▶ **Work required**: Would you please copy all of the data exactly, skipping the images?

▶ **Data below**:
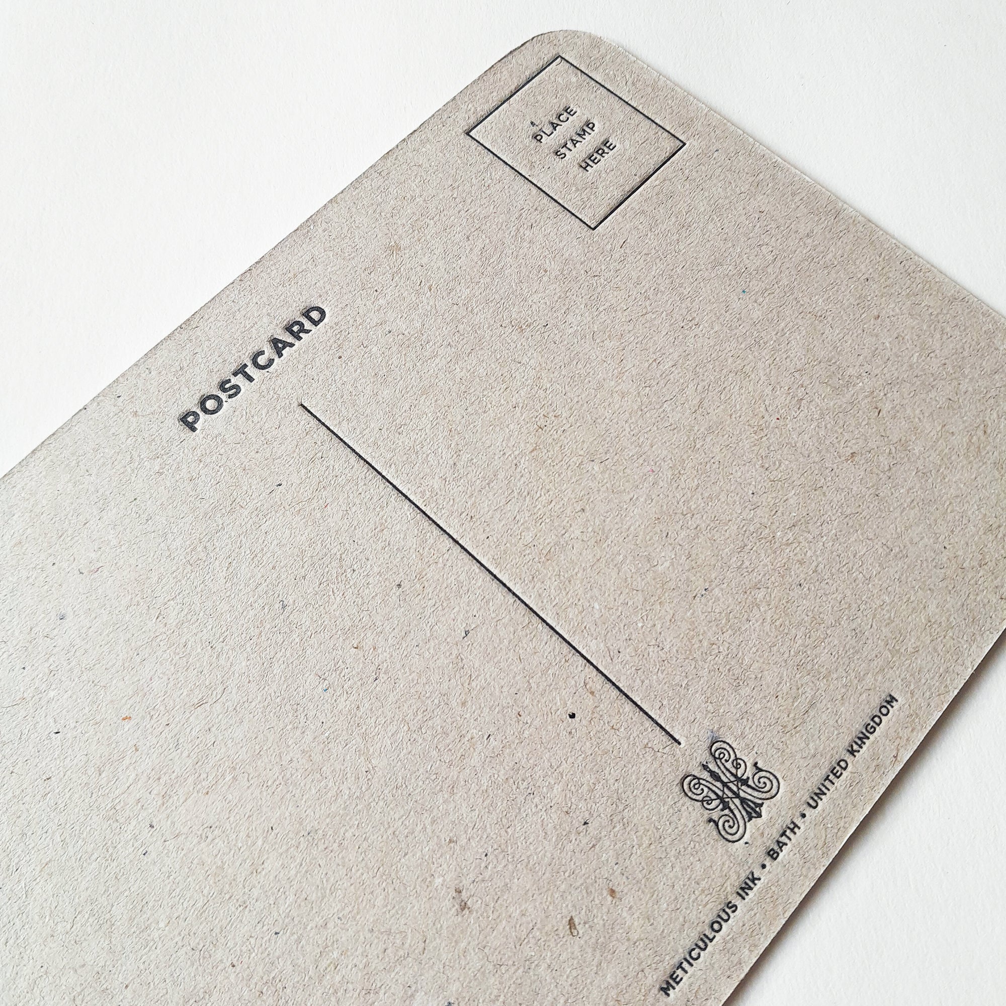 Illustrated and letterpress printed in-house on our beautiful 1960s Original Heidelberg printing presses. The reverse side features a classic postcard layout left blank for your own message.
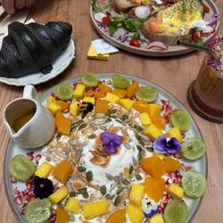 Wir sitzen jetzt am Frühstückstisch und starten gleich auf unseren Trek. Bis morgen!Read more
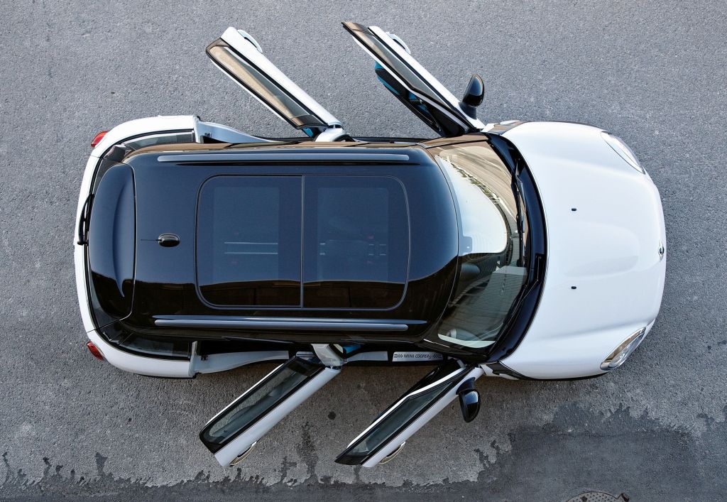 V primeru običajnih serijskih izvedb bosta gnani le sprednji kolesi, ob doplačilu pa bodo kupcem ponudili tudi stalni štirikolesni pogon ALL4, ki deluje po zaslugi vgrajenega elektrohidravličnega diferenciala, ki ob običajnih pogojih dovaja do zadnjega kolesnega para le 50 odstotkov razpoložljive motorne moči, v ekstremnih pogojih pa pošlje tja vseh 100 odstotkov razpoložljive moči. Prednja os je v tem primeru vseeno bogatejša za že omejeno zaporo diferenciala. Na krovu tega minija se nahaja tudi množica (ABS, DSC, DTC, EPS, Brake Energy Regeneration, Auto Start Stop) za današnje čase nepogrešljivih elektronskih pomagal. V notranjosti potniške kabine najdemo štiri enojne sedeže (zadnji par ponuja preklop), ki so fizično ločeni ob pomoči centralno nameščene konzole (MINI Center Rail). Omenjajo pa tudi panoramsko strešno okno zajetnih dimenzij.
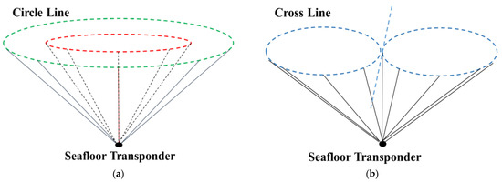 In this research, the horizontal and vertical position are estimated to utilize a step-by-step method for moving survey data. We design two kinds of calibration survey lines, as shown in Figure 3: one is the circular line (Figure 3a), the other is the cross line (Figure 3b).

▶ **Your solution**:
 Illustrated and letterpress printed in-house on our beautiful 1960s Original Heidelberg printing presses. The reverse side features a classic postcard layout left blank for your own message.
 Wir sitzen jetzt am Frühstückstisch und starten gleich auf unseren Trek. Bis morgen!Read more
 V primeru običajnih serijskih izvedb bosta gnani le sprednji kolesi, ob doplačilu pa bodo kupcem ponudili tudi stalni štirikolesni pogon ALL4, ki deluje po zaslugi vgrajenega elektrohidravličnega diferenciala, ki ob običajnih pogojih dovaja do zadnjega kolesnega para le 50 odstotkov razpoložljive motorne moči, v ekstremnih pogojih pa pošlje tja vseh 100 odstotkov razpoložljive moči. Prednja os je v tem primeru vseeno bogatejša za že omejeno zaporo diferenciala. Na krovu tega minija se nahaja tudi množica (ABS, DSC, DTC, EPS, Brake Energy Regeneration, Auto Start Stop) za današnje čase nepogrešljivih elektronskih pomagal. V notranjosti potniške kabine najdemo štiri enojne sedeže (zadnji par ponuja preklop), ki so fizično ločeni ob pomoči centralno nameščene konzole (MINI Center Rail). Omenjajo pa tudi panoramsko strešno okno zajetnih dimenzij.
 In this research, the horizontal and vertical position are estimated to utilize a step-by-step method for moving survey data. We design two kinds of calibration survey lines, as shown in Figure 3: one is the circular line (Figure 3a), the other is the cross line (Figure 3b).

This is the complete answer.